▶ DIRECTIONS:
Transcribe the data exactly, omitting whatever pictures it holds.

▶ DATASET EXTRACT:

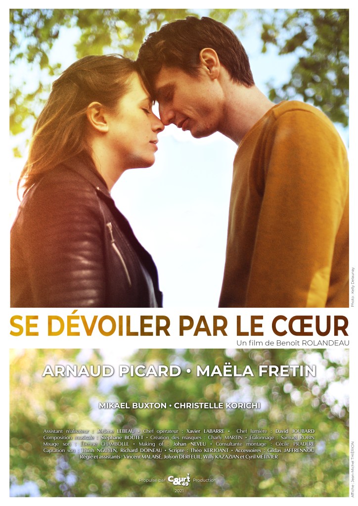 « Se dévoiler par le cœur » est un court métrage de quinze minutes environ écrit et réalisé par Benoît Rolandeau. Ce film raconte l’histoire d’un amour naissant entre deux êtres : Pierre et Lise ; ils se rencontrent un soir par hasard dans une boite de nuit. Au premier regard naît une évidence ; nul besoin de mots, leurs gestes, leurs sourires parlent d’eux-mêmes. Malheureusement, lorsqu’ils se revoient, leurs peurs respectives les conduisent à douter d’eux même et de l’autre. Mais au lieu de renoncer, ils vont faire preuve de courage pour donner une chance à leur histoire. Ils évoluent dans un univers proche du nôtre où les masques abstraits, que l’on peut porter dans la vie de tous les jours, ont une présence physique.
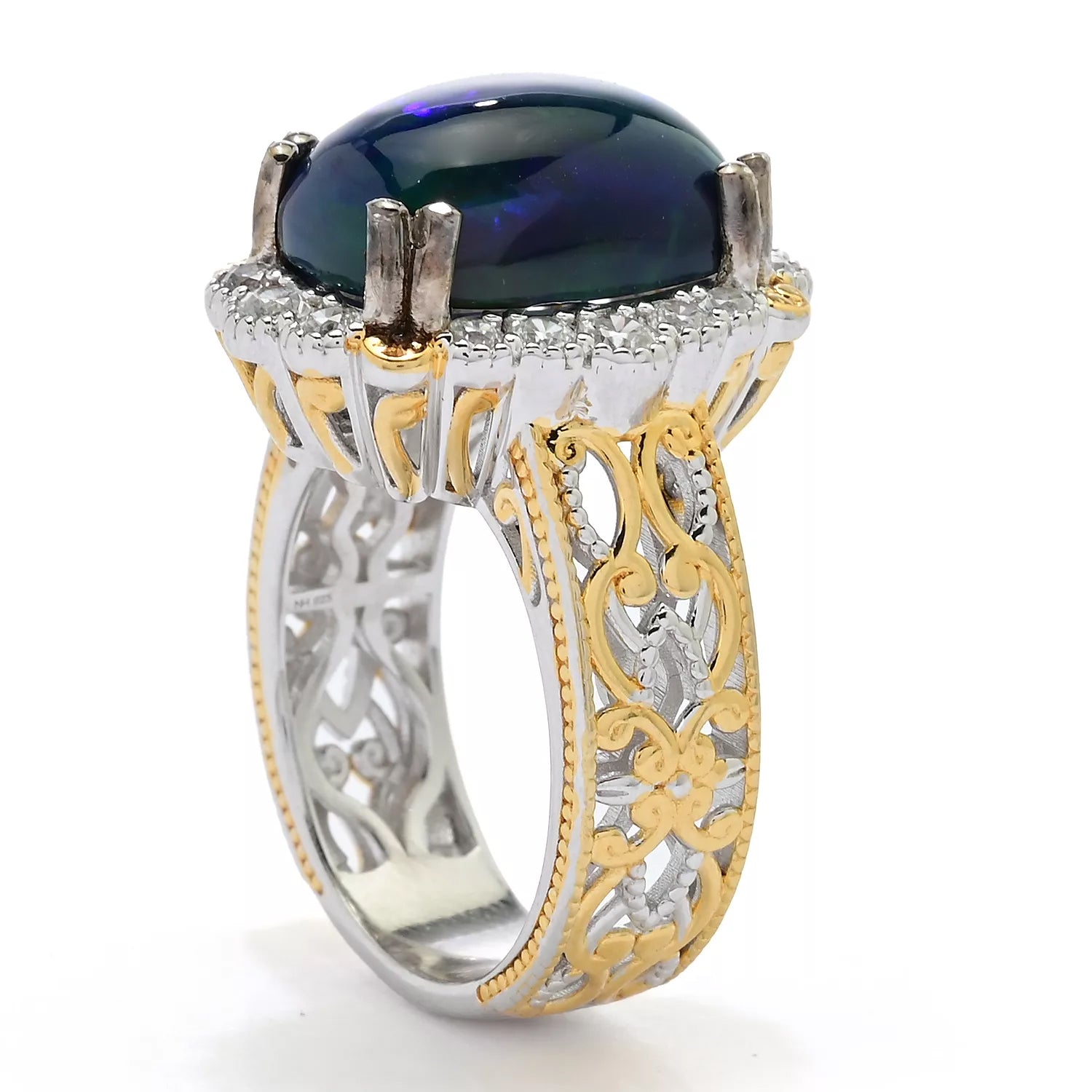 Couture Gems One-of-a-Kind 24K Palladium Silver 13.58ctw Black Ethiopian Opal Ring
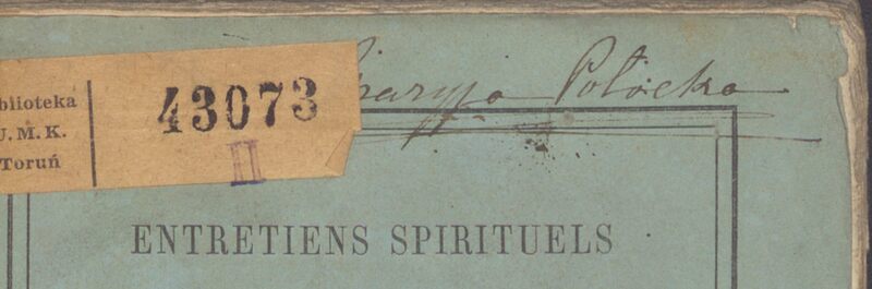 Entretiens spirituels du révérend père de Ravignan - zapiska własnościowa: Maryja Potocka

▶ FINISHED TASK:
 « Se dévoiler par le cœur » est un court métrage de quinze minutes environ écrit et réalisé par Benoît Rolandeau. Ce film raconte l’histoire d’un amour naissant entre deux êtres : Pierre et Lise ; ils se rencontrent un soir par hasard dans une boite de nuit. Au premier regard naît une évidence ; nul besoin de mots, leurs gestes, leurs sourires parlent d’eux-mêmes. Malheureusement, lorsqu’ils se revoient, leurs peurs respectives les conduisent à douter d’eux même et de l’autre. Mais au lieu de renoncer, ils vont faire preuve de courage pour donner une chance à leur histoire. Ils évoluent dans un univers proche du nôtre où les masques abstraits, que l’on peut porter dans la vie de tous les jours, ont une présence physique.
 Couture Gems One-of-a-Kind 24K Palladium Silver 13.58ctw Black Ethiopian Opal Ring
 Entretiens spirituels du révérend père de Ravignan - zapiska własnościowa: Maryja Potocka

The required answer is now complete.